§ Activity: Return all of the data verbatim, dropping any picture.
::: Dataset excerpt :::
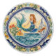 summery sicilian,italian hand painted decorative,mediterranean mermaid portuguese design,"blue marine ocean sea", "mythical mythological fairytale mermaids", "colourful blue and yellow" ,authentic classic traditional painting,vintage spring antique rustic,folk art spanish mexican talavera,"green waves circle border"
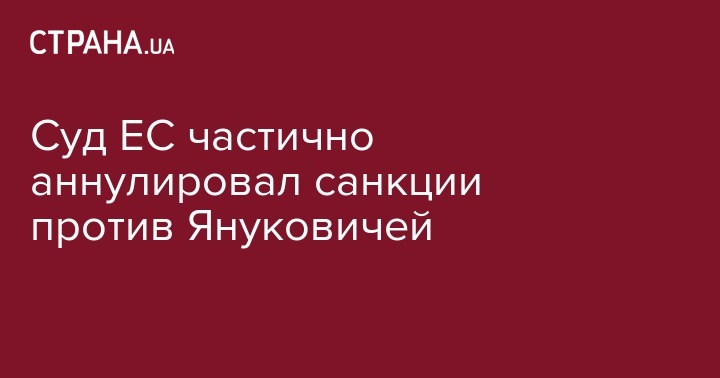 В четверг, 15 сентября, общий суд Европейского Союза признал частично неправомочным решение ЕС о заморозке активов Виктора Януковича, его сына Александра и экс-главы АП Андрея Клюева. Об этом сообщает УНИАН.
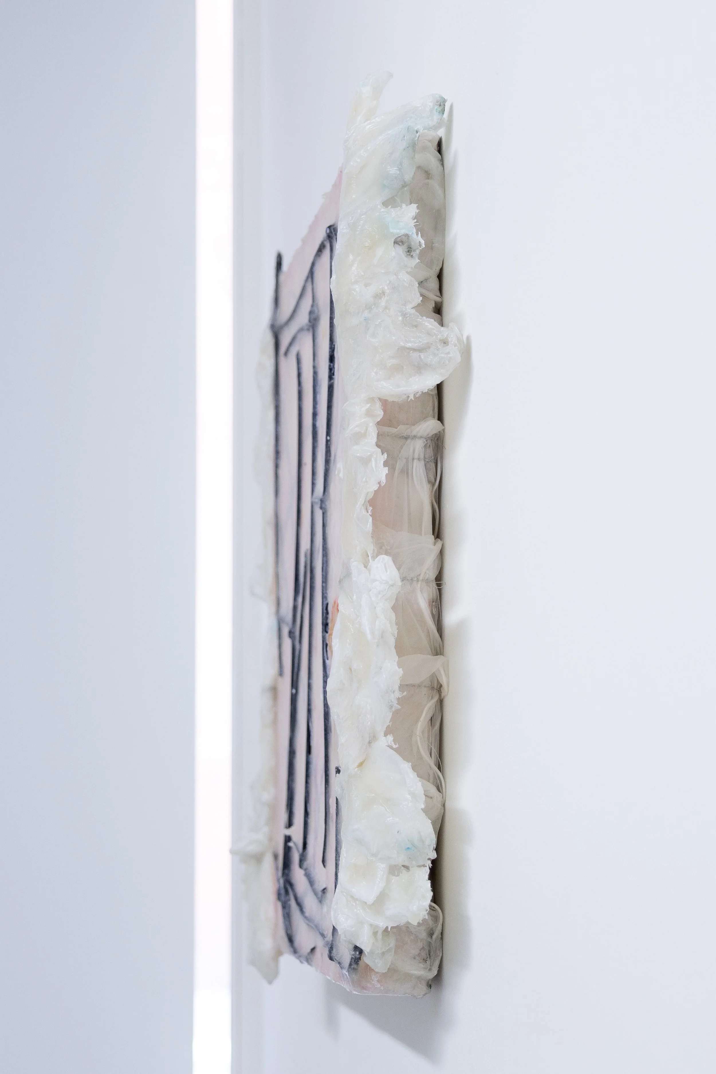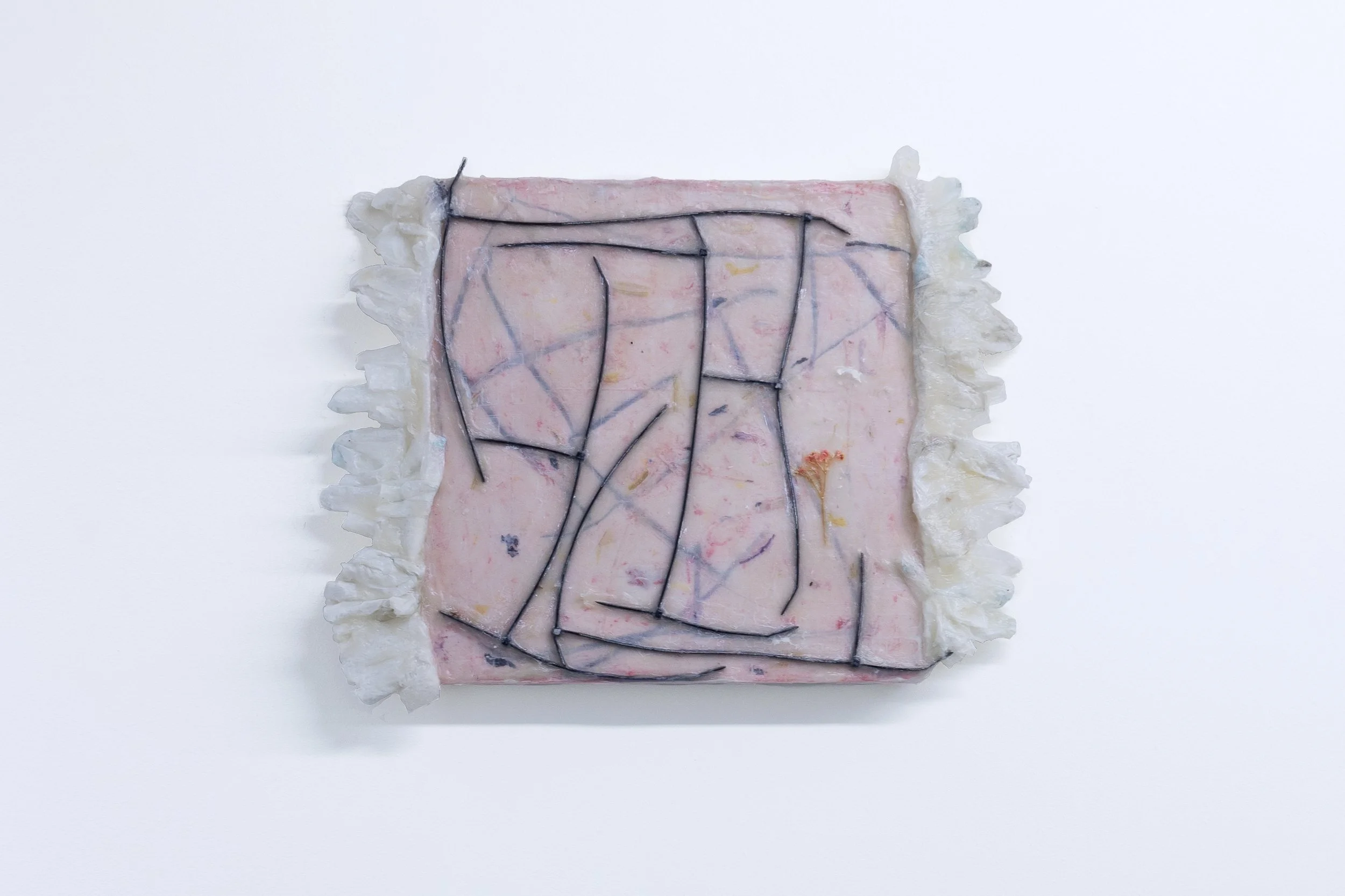 The works in Call Me Superstitious are embedded with flowers given by friends and past lovers, gloves left behind in the studio, zip ties cut from what they held, bingo cards from a summer spent hoping to win. The residue of lived experience is woven into the structure. These works are about cracks, both physical and emotional: in the systems, in the grids, in the hearts, in the sidewalks—the ones we were told to step over.
:::
§ Response area:
 summery sicilian,italian hand painted decorative,mediterranean mermaid portuguese design,"blue marine ocean sea", "mythical mythological fairytale mermaids", "colourful blue and yellow" ,authentic classic traditional painting,vintage spring antique rustic,folk art spanish mexican talavera,"green waves circle border"
 В четверг, 15 сентября, общий суд Европейского Союза признал частично неправомочным решение ЕС о заморозке активов Виктора Януковича, его сына Александра и экс-главы АП Андрея Клюева. Об этом сообщает УНИАН.
 The works in Call Me Superstitious are embedded with flowers given by friends and past lovers, gloves left behind in the studio, zip ties cut from what they held, bingo cards from a summer spent hoping to win. The residue of lived experience is woven into the structure. These works are about cracks, both physical and emotional: in the systems, in the grids, in the hearts, in the sidewalks—the ones we were told to step over.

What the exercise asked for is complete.